We know from previous parshiot that the last time they were at Kadesh Barnea they were not yet ready to enter into the Promised Land. They were scared of the reports they heard from the spies, but perhaps it was much more than that.

They had never known freedom, they had just renewed their Covenant with the Holy One in a momentous moment at Mount Sinai, and perhaps they were so overwhelmed with everything going on that they could not look ahead to what would come next. Therefore, it was necessary for the group to wander for the 40 years, so that a new generation would be ready for the journey into the Promised Land.

But does wandering make one ready for a new task or journey that lies ahead? In this week’s parashah, Moses reminds the people of their history, reminds them of their Covenant with God, and reminds them of the purpose of their journey – to live in freedom, in relationship with God, in the land promised to Abraham, Isaac and Jacob. In repeating their history, Moses helps them to define themselves as a nation and as individuals.

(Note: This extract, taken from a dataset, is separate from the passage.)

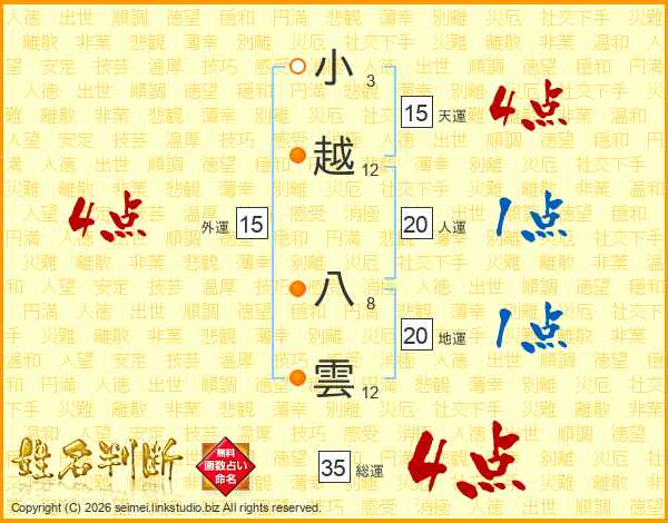 小越八雲さんの総運は35画の4点!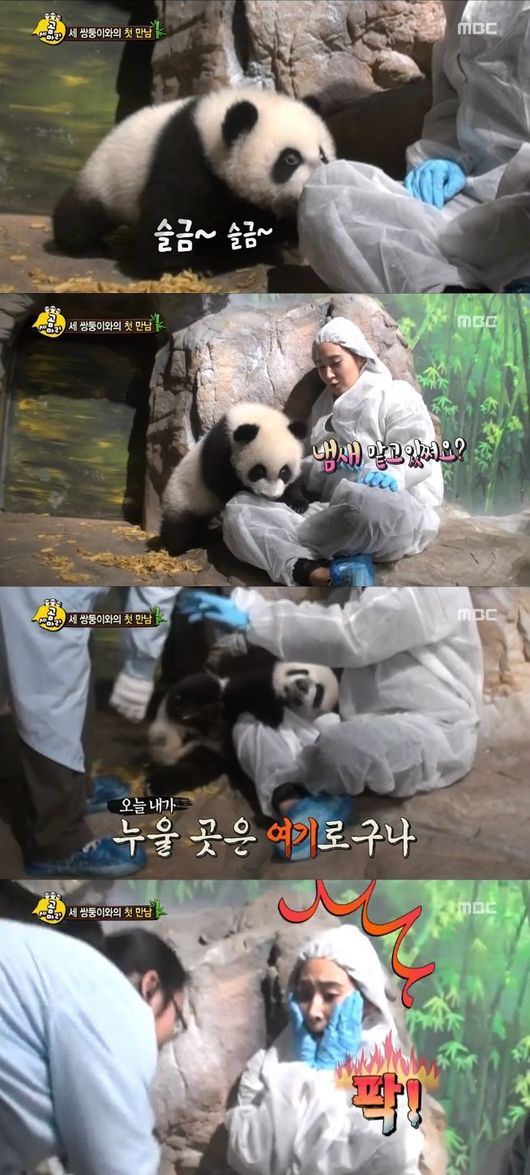 1일 오후 4시 50분 방송된 MBC '일밤-애니멀즈'에서는 곰세마리 멤버들이 중국 세 쌍둥이 판다와 만난 모습이 담겼다.

He begins to help them understand themselves so that they can take ownership of their history and their relationship with God and therefore begin to understand that the journey their ancestors made and the journey that they are about to complete is not about what happens along the way but rather is about how they respond, what they learn, and what they do in relation to what happens to them.

This I think is the reason why their journey seemed endless at the beginning, as they had to truly be ready to enter the Promised Land.

They had to be able to see their own future, to recognize that Moses and most certainly God were there to help, and that they had to help themselves to move forward.

This is the most important lesson we can take from the journey of our ancestors.

Life is sometimes a long and endless journey, especially when we are not ready to step into the future and take ownership of our actions.

God is with us on our journeys, be they long or short, but we have to be ready when we are standing at the edge to take the next step.

Just as the Israelites depended on God and depended on Moses, they could only enter into the land when they themselves were ready.

As each of us continues on our own journeys throughout life, may we learn from the long journey our ancestors took and perhaps live our lives as Rabbi Abraham Joshua Heschel, z”l, once suggested, “Pray as if everything depends on God, but act as if everything depends on you.”

Rabbi Brigitte Rosenberg serves United Hebrew Congregation and is a member of the St. Louis Rabbinical Association.